The right bases covered: Baseball can be pitch for civility
By James Alan Fox
Monday, April 10, 2006

Baseball is an enchanting sport, conjuring up peaceful thoughts of fragrant green grass and warm springtime breezes. Notwithstanding the steroid scandal, what could be more delightful than the Blue Jays of Toronto flying into town to play in tomorrow's opening day game staged in what quaintly is described as a yard?

This is a welcome change of pace now that basketball's "March Madness" -- "April Angst" with respect to last week's Women's Final Four -- has left town along with all those oversized buses that clogged our narrow streets.

Baseball has it right: Competition without ferocity. The longest hit is a home run, which sounds rather comforting. The batter runs home to the collective bosom of teammates welcoming him to their dugout. Batters who fail to hit are retired. And the pitcher who retired all those batters himself retires to the clubhouse steam room when he's lost his own steam on the fastball.

And unlike the Maryland /Duke hoop nail-biter at the Garden, baseball has no sudden death. Relax, time is never of the essence -- unless, of course, the last subway is about to leave Kenmore Station.
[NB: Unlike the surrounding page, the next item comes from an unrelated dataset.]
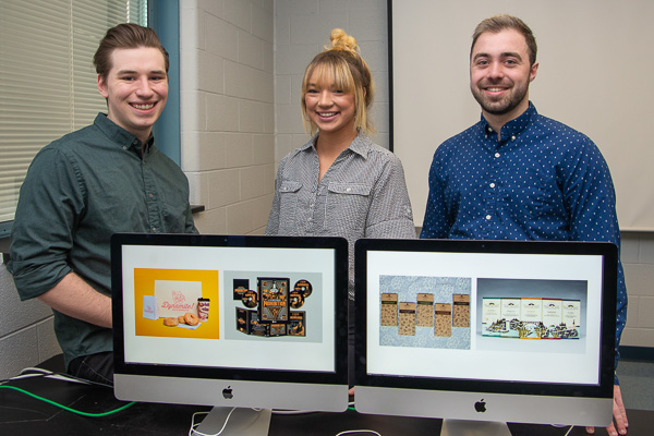 Graphic design seniors capturing awards are: Brandon M. Wolff, of Effort, “Best in Category Packaging” for Trailblaze Chocolates; Luke A. Bierly, of Centre Hall, “Merit Award in Packaging” for Prohibition DVD Set and “Merit Award in Identity” for Dynamite Doughnuts Brand Elements; and Alexis M. Botek, of Pottsville, “Merit Award in Packaging” for Brown Bear Chocolates.

Our Grand Old Game also has some really tame names for teams -- like Red Sox and White Sox, though you can't see the stockings anymore with today's on-the-field fashion. Our beloved Sox once shared the local scene with a squad called the Beaneaters. It must have been an interesting era when owners' imaginations spawned names like that. In contrast, today's trendy names of sport -- like Red Storm or Ragin' Cajuns -- are fierce and violent.

Baseball is not the only sport with elegance. In tennis, ``love'' is a kinder and gentler way to say your opponent has zippo, zilch, nada. Maybe it's just that tennis pros love shutting out their rivals.
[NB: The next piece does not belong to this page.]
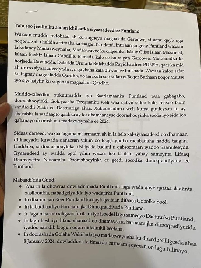 newsinsideTalo soo jeedintooda waxay ku sheegeen in aan xilligan jirin sabab loo furo dastuurka Puntland. Waxay kaloo sheegeen in ay muhiim tahay in ilaaliyo doorashada madaxweynaha Puntland oo ay ku dhacdo waqtigeedii 8 January 2024.

Golf may be the ultimate in cultured competition. When you play badly, it's a bogey, double bogey, triple bogey or, in my case, mega-bogey. Leaving alone that it sounds like some disgusting thing you'd deposit underneath your chair back in second grade, bogey rings of endearing awkwardness, not utter ineptitude. At least spectators don't chant "bogey" when a golfer misses the green, like fans of that March/April Madness game who jeer "air ball" whenever a shooter misses badly.

When did basketball become so ``in your face'' anyway? After all, it originated with gentlemen dressed in really skimpy shorts bouncing balls into peach baskets at the Y. But at some point it became a frenetic, slammin' and jammin' contest played in oversized uniforms that are patterned after prison garb.
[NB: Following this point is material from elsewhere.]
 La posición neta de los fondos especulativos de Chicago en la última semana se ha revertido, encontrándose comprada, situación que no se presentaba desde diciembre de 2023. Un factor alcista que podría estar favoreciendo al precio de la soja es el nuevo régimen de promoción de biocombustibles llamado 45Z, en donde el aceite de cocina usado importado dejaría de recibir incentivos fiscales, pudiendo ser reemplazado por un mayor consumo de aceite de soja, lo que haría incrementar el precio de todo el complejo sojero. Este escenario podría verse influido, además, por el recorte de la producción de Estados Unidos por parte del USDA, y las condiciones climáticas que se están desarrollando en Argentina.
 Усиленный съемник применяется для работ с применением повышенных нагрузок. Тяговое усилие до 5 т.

There has been much squawking, and rightfully so, about racist nicknames and mascots that portray Native Americans in an unflattering light. But I'm just as concerned about violence reflected in the Fighting Sioux of North Dakota and the Fighting Illini of Illinois (as well as Notre Dame's Fighting Irish).

At least the folks in our nation's capital had the good sense to holster their Bullets of basketball, even if stubbornly clinging to their football Redskins. Calling them the Skins doesn't help much, although I suppose it is better than shortening it to Reds.

Sure, there are the baseball Reds from Cincinnati, but it is short for that old hosiery thing, as in Red Stockings, which became Red Legs and eventually Reds. Not a Native-American slight in sight.

In baseball, even modern-era nicknames have charm: the Mariners of Seattle and the Angels of Los Angeles (or California, Anaheim or wherever). And when baseball returned to the nation's capital, the chosen name, the Nationals, sounds patriotic and historic, clearly superior to something violent like the D.C. Snipers.

Contrary to the grace of the game, however, Houston's team was originally called the Colt .45s, named after the gun, not the malt liquor.

Well, that's Texas for you. Need I say more?